Here are some ways blockchain is being used in the carbon credits market:

  • Immutable ledger: Blockchain creates an immutable ledger that records all transactions in a tamper-proof way. This means that once a transaction is recorded on the blockchain, it cannot be altered or deleted. This can help prevent fraudulent activities such as double counting or fake carbon credits from being introduced into the market.
  • Transparency: Blockchain allows for greater transparency in the carbon credits market, as all transactions are visible to all participants in the network. This makes it easier to track the flow of carbon offsets and ensure that they are legitimate.
  • Smart contracts: Blockchain technology also can facilitate the use of smart contracts (sales and licensing). Smart contracts are self-executing contracts that can automatically enforce the terms of a transaction. They can be used to automate the process of verifying carbon offset projects and issuing carbon credits, reducing the risk of human error or fraud.
  • Verification: Blockchain can be used to verify the origin and quality of carbon credits. By storing information about the carbon offset project, including its location, methodology, and monitoring data, on the blockchain, stakeholders can verify that the carbon credits being traded are legitimate and represent real emissions reductions.
  • Traceability: Blockchain can enable the traceability of carbon credits throughout the supply chain. This can help ensure that carbon credits are not double-counted or used to offset emissions that have already been offset by another party.

Overall, the use of blockchain technology in the carbon credits market has the potential to increase transparency, accountability and trust in the system, making it more difficult for fraud to occur.
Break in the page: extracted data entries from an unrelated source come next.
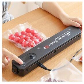 Máquina seladora a vácuo maior conservação alimentos Seladora vácuo elétrica embaladora alimentos descrição: a seladora a vácuo é perfeita para armazenar alimentos de forma compacta, prática e eficiente. A remoção de ar das embalagens é ideal para reduzir a deterioração e o desperdício de diversos tipos de alimentos. Acompanha embalagens especiais de fácil abertura para utilizar com a seladora elétrica. Especificações: - material: abs - dimensões aproximadas: tamanho: 37 x 7 x 8 cm - peso: 410 g - voltagem: 220v - tomada padrão: eu itens inclusos na embalagem: - 01x seladora vácuo elétrica - 10x embalagens - 01x cabo de força O envio ocorre de forma aleatória não podendo escolher a cor, enviamos conforme disponibilidade de cores em nosso estoque Marca: Doxa
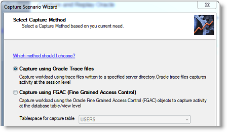 9. Select Capture Method. On the Select Capture Method page, select a capture method to use. For help selecting a capture method, see Trace Files or Fine Grained Access Control: Pros and Cons. Review the options below. Click Next when finished.
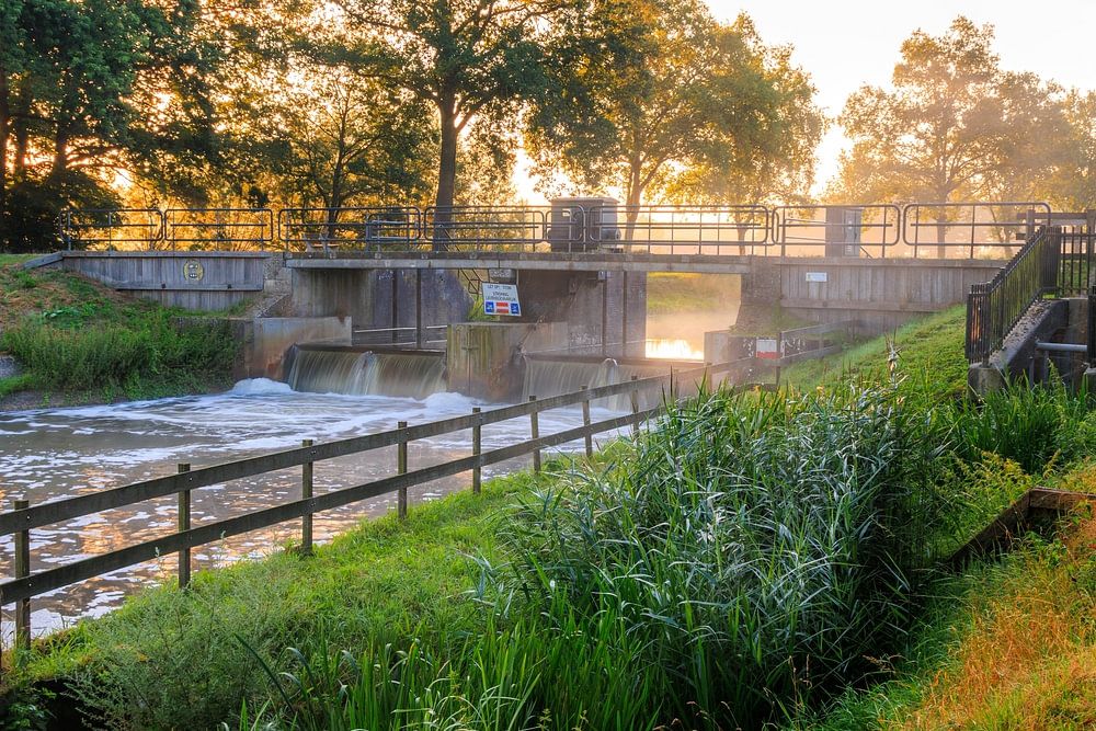 Der Valley Canal an einem schönen Frühlingsmorgen bei Sonnenaufgang. Es war herrlich ruhig. Nur der Gesang einiger Vögel war zu hören und natürlich das Wasser im Roffelaarskade-Wehr.
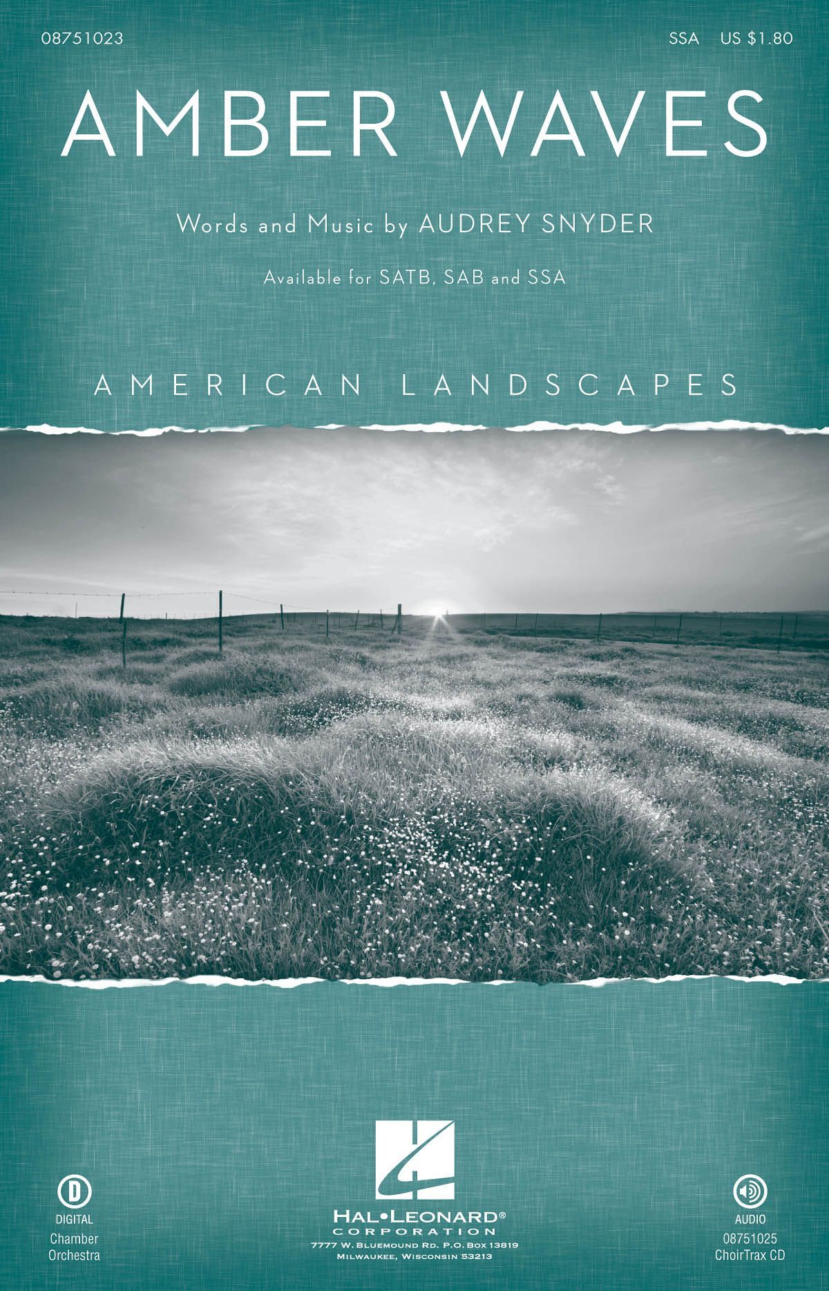 The grandeur and expansiveness of the Heartland is explored in this choral tone poem that celebrates the beauty of the American landscape. An ideal concert and festival work, it may be performed by voices and piano or with the optional orchestration. Available separately: SATB, SAB, SSA, ChoirTrax CD. Duration: ca. 3:50.

There are a few companies that are already using blockchain technology in the carbon credits market to address fraud and improve transparency. Here are some examples:

  • Veridium employs blockchain technology to track carbon offsets and ensure their legitimacy. The company’s platform, called the VERDE ledger, allows carbon offset projects to be registered and verified on the blockchain. The VERDE ledger also enables the creation and trading of carbon credits, providing greater transparency and traceability.
  • ClimateTrade uses blockchain technology to certify and trade carbon credits. The platform’s blockchain-based registry allows users to track the ownership and history of carbon credits, making it more difficult for fraud to occur. ClimateTrade also uses smart contracts to automate the verification and issuance of carbon credits.
  • Poseidon tracks carbon credits and enables individuals and organizations to offset their carbon footprint using blockchain. The company’s platform, called the OCEAN token, uses blockchain to verify the legitimacy of carbon credits and provide transparent reporting on the carbon offsetting process. 

While the use of blockchain technology in the carbon credits market is still in its early stages, these examples demonstrate that some companies already are using blockchain technology to address fraud, increase transparency, and improve the security of their carbon transactions. Using blockchain technology for commercial contracts, in some instances, may be expensive and somewhat burdensome.

However, given the relatively young nature of the carbon markets, the intangible nature of the credits/offsets, the difficulty in having purchasers verify aspects of the underlying circumstances generating the credit/offset and the perceived history of fraud in the market, we expect that, as the market continues to evolve, U.S. companies participating in the voluntary carbon markets to further their ESG and energy transition goals may well find such costs warranted and may be able to manage these costs effectively to mitigate against these risks of fraud, manipulation and abuse.